[[ Supplied entries open ]]
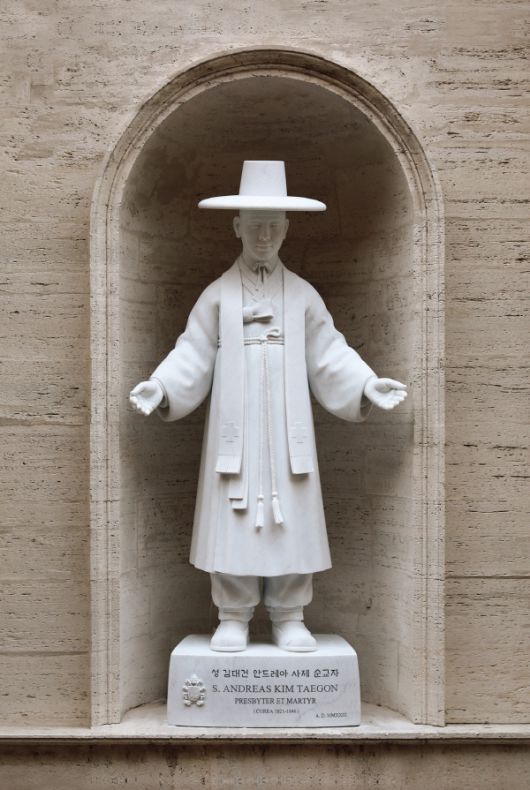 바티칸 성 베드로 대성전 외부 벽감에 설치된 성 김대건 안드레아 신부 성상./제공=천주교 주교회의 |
[[ Supplied entries closed ]]
[[ Supplied entries open ]]
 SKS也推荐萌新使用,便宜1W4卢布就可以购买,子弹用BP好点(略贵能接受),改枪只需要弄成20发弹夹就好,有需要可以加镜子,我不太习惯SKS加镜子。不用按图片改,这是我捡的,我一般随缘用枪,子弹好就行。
[[ Supplied entries closed ]]
[[ Supplied entries open ]]
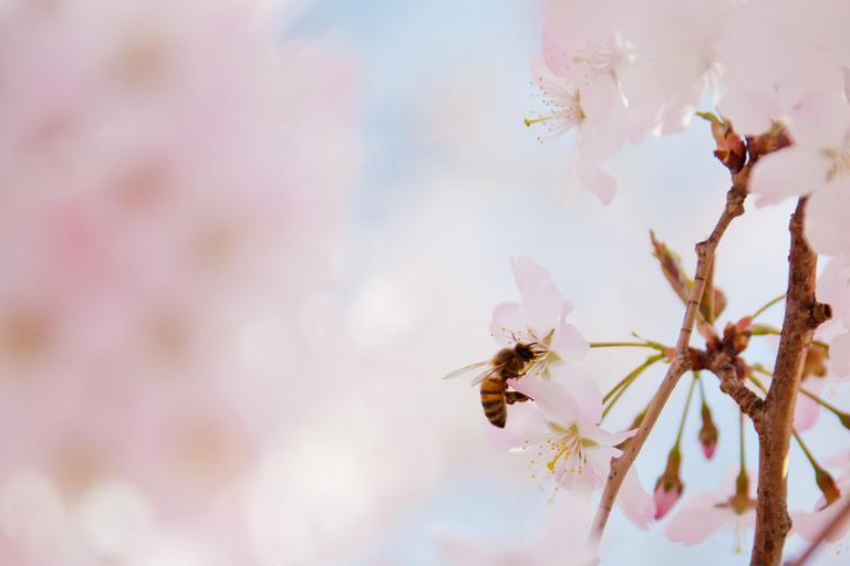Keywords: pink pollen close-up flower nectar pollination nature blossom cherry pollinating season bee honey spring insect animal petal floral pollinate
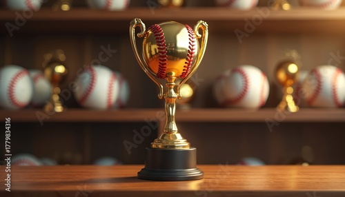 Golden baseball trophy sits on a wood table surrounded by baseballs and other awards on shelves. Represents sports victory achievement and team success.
[[ Supplied entries closed ]]
▶ _Problem details_
Excluding any pictures, print exactly the lines of the listing above from the line with "Keywords: pink pollen" to the line with "Golden baseball trophy", both ends included.

▶ _Result of the task_
Keywords: pink pollen close-up flower nectar pollination nature blossom cherry pollinating season bee honey spring insect animal petal floral pollinate
 Golden baseball trophy sits on a wood table surrounded by baseballs and other awards on shelves. Represents sports victory achievement and team success.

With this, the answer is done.